Cultures
Musique/
Les Poupées russes dionysiennes s’effeuillent
Elles avaient déboulé à l’improviste il y a trois étés avec Summer 2015, un titre mashup (1) visionné plus de 74 millions de fois sur Youtube. Depuis, grâce à leur don pour les reprises bien senties, Lucie, Elisa et Juliette, avaient empilé, les quarts d’heures de gloire (cérémonie de clôture du festival de Cannes 2016), les tournées (Festival So French, so chic en janvier de cette année) et les récompenses (victoire de la musique 2017 pour la révélation scène), sans forcément avoir le temps de composer. « On s’est mis à la composition au printemps 2017, mais on avait envie de prendre le temps pour faire les choses bien et on n’a jamais voulu lâcher les rênes », annonce en chœur le trio dionysien. Et le résultat est à la hauteur des attentes.
Récit générationnel
Première réussite, Poupées russes ressemble aux résidentes de la Porte de Paris : éclectique sans être hétéroclite. Autrement dit ça part dans tous les sens musicalement (rap, hip-hop, chansons françaises, musique classique, influences orientales, électro-dance, etc…) mais ça se tient. Et même à l’intérieur de chaque morceau il y a du mouvement. « C’est peut-être ce qui reste de l’esprit mashup de nos précédentes productions. Pour le reste l’album est le reflet de toutes nos influences, communes ou individuelles. » Des influences qui sont même parfois l’objet d’hommages au creux de textes tous intelligents et léchés. Dans La nuit, premier titre de l’album rendu public (avec Mathieu Kassovitz dans le clip), L.E.J, en une phrase, glisse un double clin d’œil appuyé à Bashung et à Saint-Denis. « La nuit, on ment, on prend des trains sans savoir où ça nous mène. La nuit on ment on prend des trains à travers la plaine. » La Rochefoucauld, Booba et Delafontaine sont aussi convoqués au fil des verres écrits à huit mains avec la complicité d’Ozarm. Des paroles souvent autobiographiques à l’instar de celles de Poupées russes ou du Buzz et qui questionnent, sans en avoir l’air, la génération Y (2) sur son égocentrisme (Par Ego, feat.Sofiane), son caractère ultra connecté (Dis siri) ou son hédonisme forcené (Miss monde). Des filles qui n’hésitent pas non plus à chanter la sexualité dans L’Époux d’un soir et s’encanaillent à jouer la Saine saint n’y touche. « On adore jouer avec les mots dans la vie, s’amusent Lucie, Elisa et Juliette. On manie beaucoup la dérision également et entre nous on est un peu brut de décoffrage. Sans vraiment de tabou. Avec ce disque les gens vont donc vraiment nous connaître. Le nom de l’album est d’ailleurs tombé sous le sens. On dévoile au fur et à mesure beaucoup de faces cachées. » Dans cet effeuillage musical L.E.J scande aussi son amour du Verbe, et dit sa crainte de la Marée pour les migrants en Méditerranée.
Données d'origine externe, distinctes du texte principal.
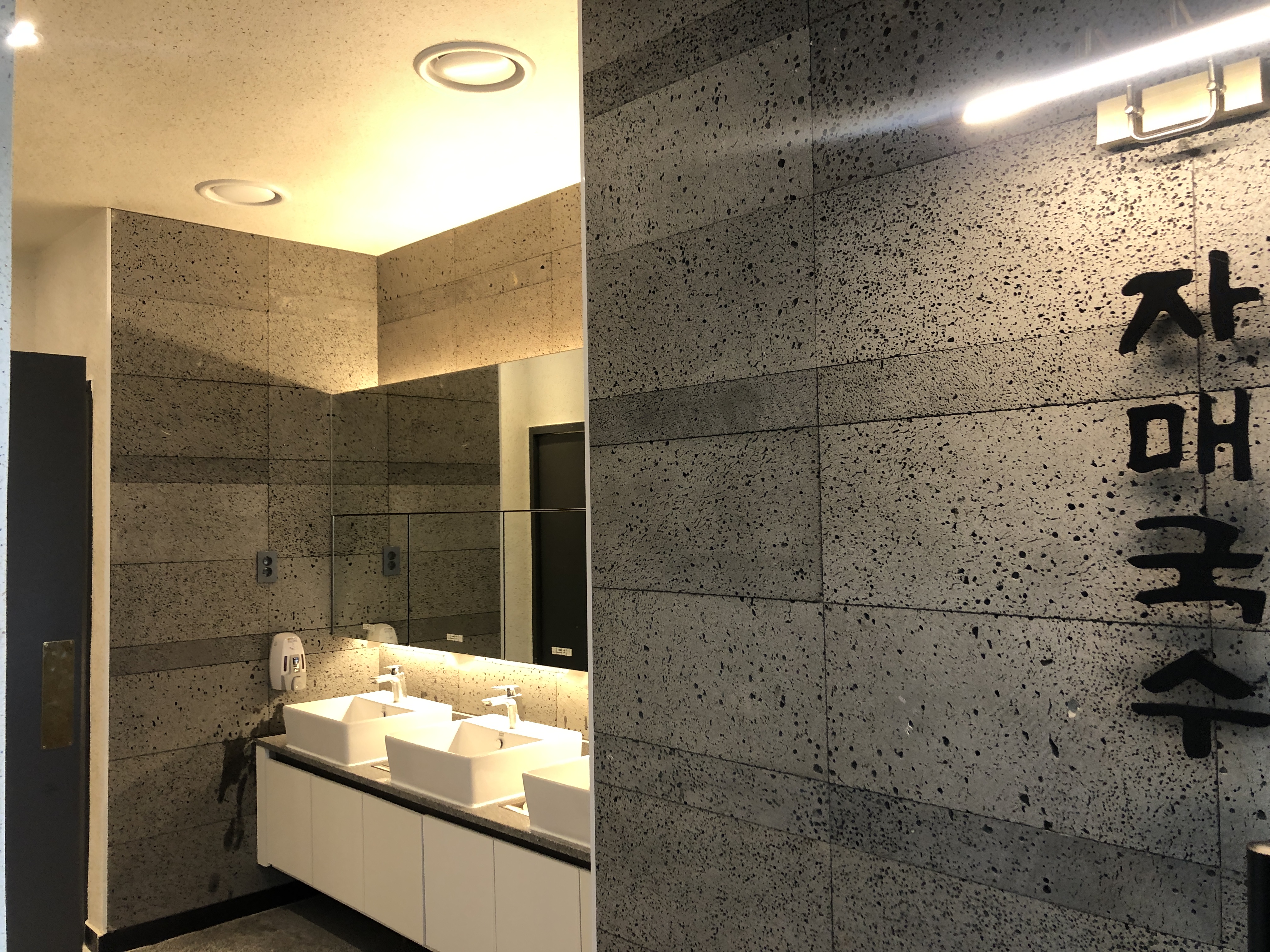 카운터가 참 예뻤다. 돌담을 연상시키는 카운터, 우드 계열 벽면과 잘 어울렸다. 카운터 맞은편에 대기할 수 있는 공간도 마련되어 있고 여기에 커피 자판기도 있다. #제주도고기국수 #제주도토속음식점

Poupées russes s’écoute à perdre à haleine, se chante religieusement ou se danse à tue-tête. Les trois copines d’enfance peuvent être fier du chemin accompli depuis le conservatoire de Saint-Denis. Avec ce premier album elles aspirent à rentrer dans la cour des grands. Et le premier qui les traite de « poupées gonflantes » à la récré, il n’est pas encore né.
Yann Lalande
Poupées russes, sorti le 8 juin. Produit par Suther Kane. Mercury music group. L.E.J sera en tournée à l’automne avec un concert le 26 octobre Salle Pleyel à Paris.
(1) Œuvre musical qui mélange plusieurs genres musicaux a priori éloignés
(2) désigne les personnes nées entre 1980 et 2000 en occident. Les L.E.J ont 24 ans.